Cell and gene therapies
Cell and gene therapies encompass a wide range of approaches that attempt to treat disease at the cellular and genetic levels. With cell therapy, patients’ cells are extracted, reprogrammed, and then injected back into their bodies, often with the goal of leveraging their own immune systems to fight diseases like cancer. Of the approved cell therapies in the U.S., most focus on blood cancers because they have not yet shown success in treating solid tumors. One of the next goals in cell therapy is to improve efficiency by reprogramming patients’ cells in vivo — that is, inside their own bodies.

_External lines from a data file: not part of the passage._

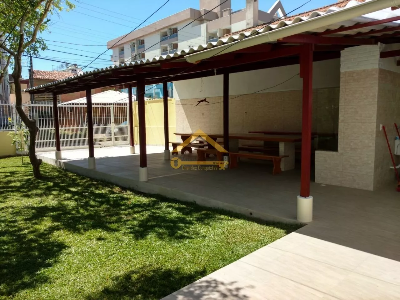 Casa com 04 quartos sendo 01 suíte, 02 banheiros, sala, cozinha, área de serviço com maquina de lavar, sacada, ar condicionado, churrasqueira, alarme com monitoramento, plano de TV acabo, internet, ventilador, 05 vagas de garagem coberta.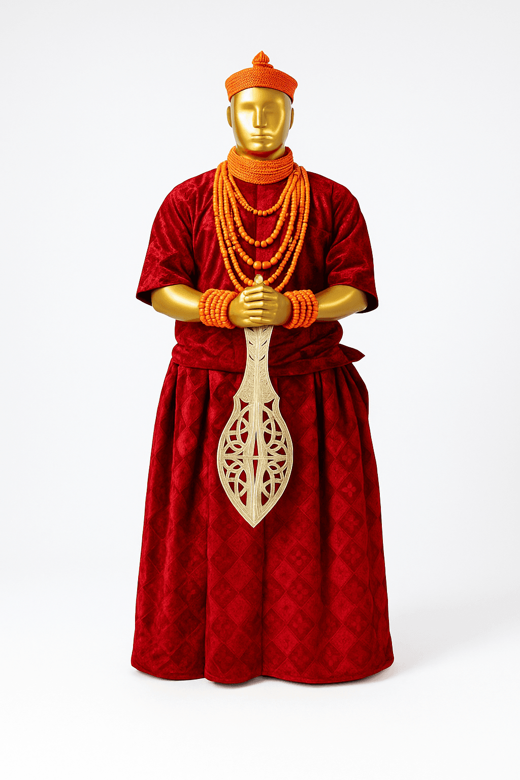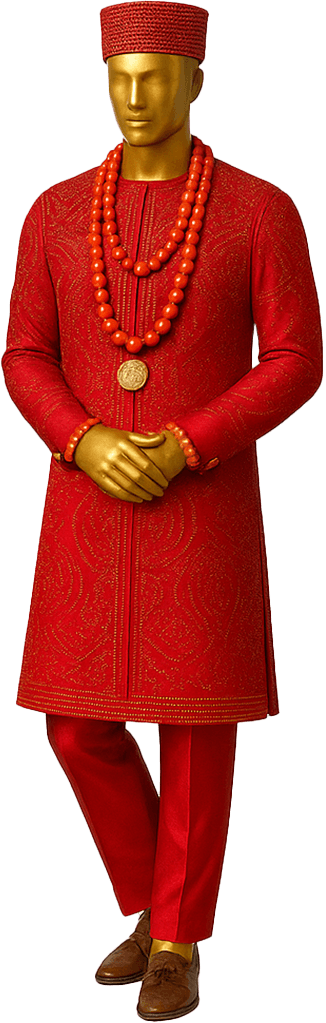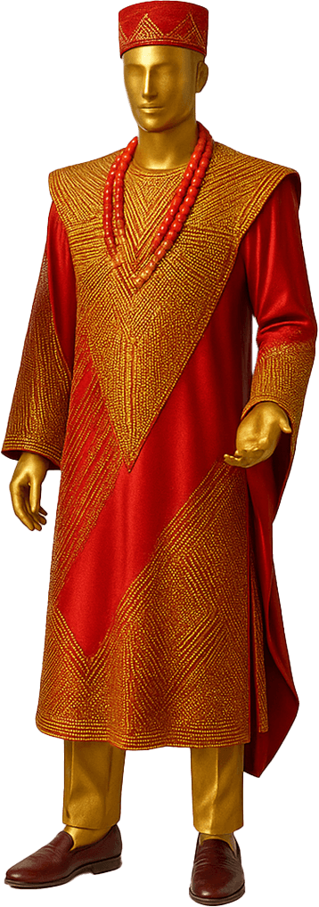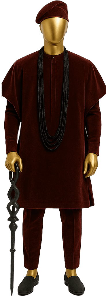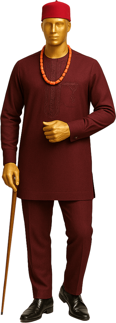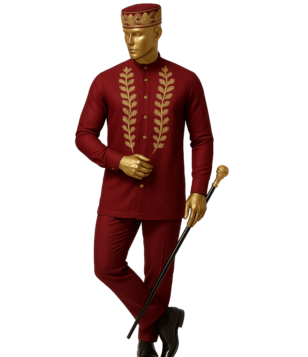 Channel ancestral nobility with this rich wine-red fitted ensemble adorned with golden leaf embroidery and elegant button details. Complete with matching cap and ceremonial walking staff, this regal set speaks to lineage, honor, and sophisticated masculinity. The tailored fit offers modern appeal while the traditional embellishments honor Nigerian royal aesthetics. Perfect for milestone anniversaries and distinguished gatherings.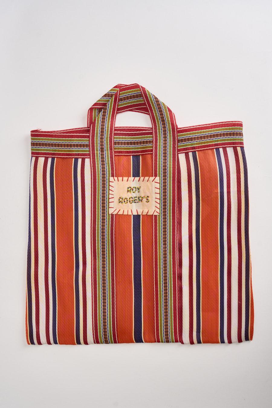 ROY ROGER'S Shopper donna a righe multicolor arancione. Modello Old Glory in nylon intrecciato multicolor, due manici superiori e patch con logo Roy Roger's ricamata sul fronte.. Scomparto interno con pratica chiusura a zip. Composizione: 100% nylon.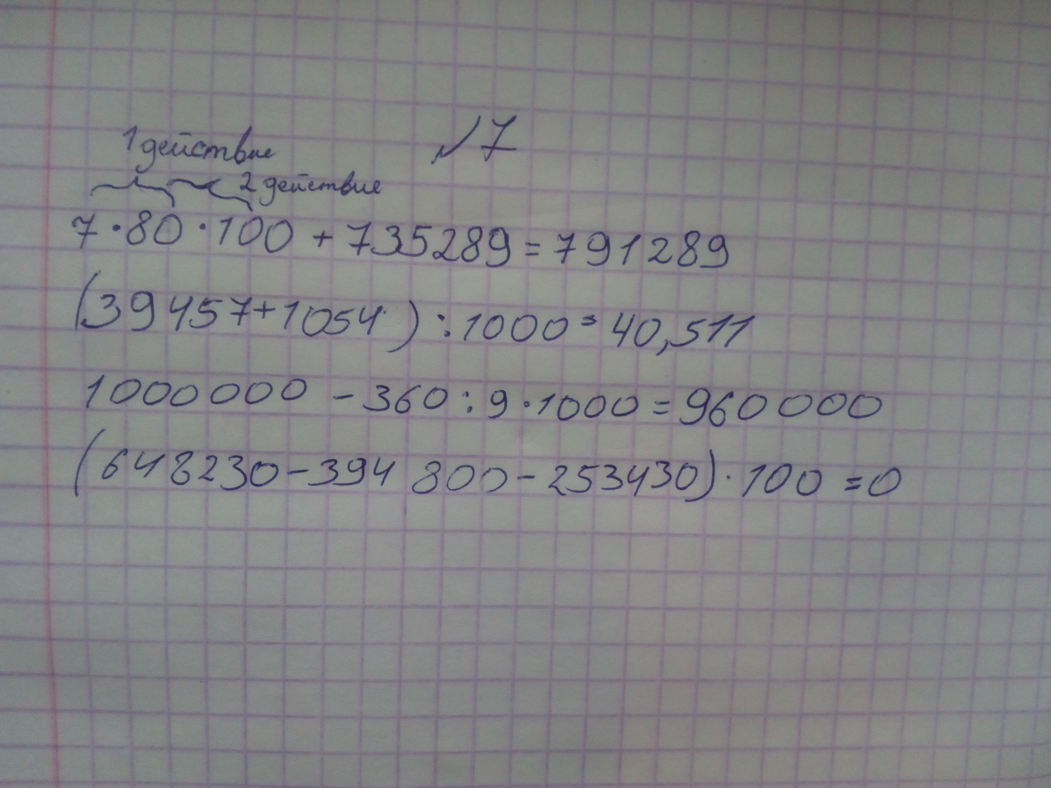 1. 7•80•100+735289=5600+735289=791289.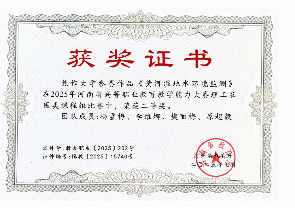 近日,河南省高等职业教育教学能力大赛评选结果揭晓,我院杨雪梅教师团队凭借《黄河湿地水环境监测》参赛作品,脱颖而出斩获二等奖,充分彰显了我院教师扎实的教学功底与创新的教学改革成果。
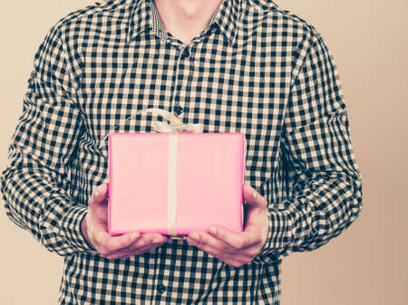 People celebrating xmas love and happiness concept - young man holding present pink gift box in hands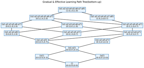 Most studies on learning path recommendation focus on the technical level and rarely incorporate the internal structure of learning content and learners’ mastery of existing knowledge. Knowledge space theory (KST) provides a theoretical framework for research on personalized learning path recommendation by integrating knowledge structures and learners’ knowledge states. KST, rooted in probabilistic measurement theory and mathematical psychology, is a mathematical framework proposed by Doignon and Falmagne to model and assess individuals’ knowledge states [20,21,22]. Using the formal mechanisms provided by KST, it is possible to infer an individual’s knowledge level in a specific domain based on their responses to a series of questions [23,24]. Currently, knowledge space theory has been extended to competence-based knowledge space theory (CbKST) [25,26,27,28]. Early research focusing on dichotomous knowledge structures has also been extended to polytomous knowledge structures [29,30,31,32,33]. At the same time, the combination of KST with cognitive diagnostic theory, rough set theory, formal concept analysis, and fuzzy set theory has further enriched KST and its applications [34,35,36,37,38]. Although early studies of KST also mentioned its application to learning path recommendation, relevant research has remained relatively limited. In recent years, some scholars have attempted to apply KST to learning path recommendation [39,40,41]. Zhou et al. explored learning path recommendation for fuzzy knowledge structures under conjunctive skill mappings, disjunctive skill mappings, and conjunctive fuzzy skill mappings [39]. Zhou et al. also studied the construction of knowledge structures and learning path recommendation in formal contexts [40]. Wang et al. proposed a learning path recommendation method based on fuzzy competence space theory, defined a fuzzy competence space called a consistent fuzzy competence space (CFCS), and designed a gradual and effective learning path recommendation algorithm from to the full set , which was validated through simulations [41].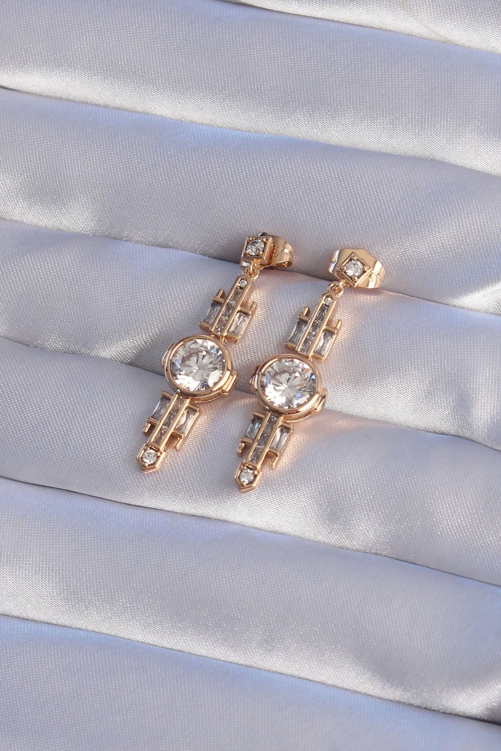 ® XUPİNG Rose Renk Zirkon Taşlı Geometrik Sallantılı Küpe
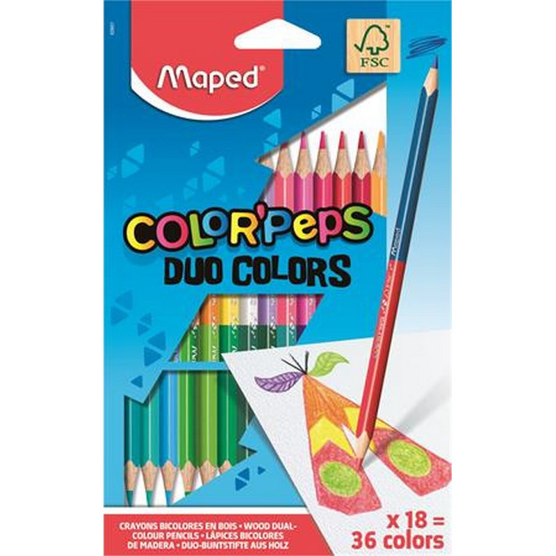 Színes ceruza készlet, háromszögletű, kétvégű, MAPED "Color`Peps Duo", 36 különböző szín. - /készlet (18 db)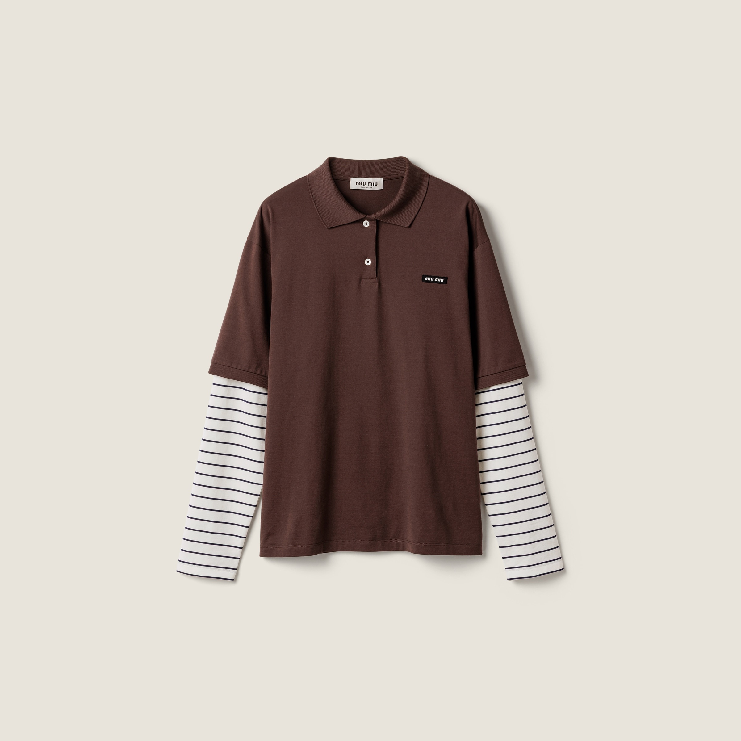 Miu Miu style icons like the polo shirt and striped jersey come together in a garment that interprets layering from a contemporary perspective for playful looks and free, personal interpretations. - Product code: MJL076_17OR_F0RQM_S_OOO - Boxy fit - Unlined garment - Long sleeves - Polo collar - Front button closure - Twin-needle hem - Logo patch - Imported - The model is 181 cm tall and wears a size 38 Height 70cm Materials Main material: 100% Cotton

In gene therapy, genetic material is delivered into patients’ bodies with the objective of replacing or correcting faulty DNA. Several gene therapies recently have been approved to treat a variety of disorders: a rare eye disease called Leber congenital amaurosis, spinal muscular atrophy in infants, and hemophilia B in adults. One limitation of current gene therapies is their delivery system. They are typically delivered to patients via a viral vector, a harmless virus that carries its genetic cargo into the body, but this approach typically only affects cells in the liver. Delivering precision genetic medicine to organs and cells beyond the liver represents one of the next frontiers in gene therapy. ReCode Therapeutics, a Leaps portfolio company, is at the forefront of that effort.
“The promise of changing the ability of a cell to alter the course of disease with a simple injection is very exciting and helped tremendously by efforts and success of the Covid-19 mRNA vaccines.”Laura Shawver, CEO of Capstan Therapeutics
Synthetic biology
Synthetic biology involves the wholesale redesign or construction of biological entities to carry out desirable biotechnological processes. It’s already revolutionized the treatment of diabetes, for example. Since 1982, insulin has been produced by inserting a human gene into a common bacterium. Today, through companies like Ginkgo BioWorks, a Bayer partner, many more opportunities are arising to use synthetic biology in everything from medicine to farming to manufacturing.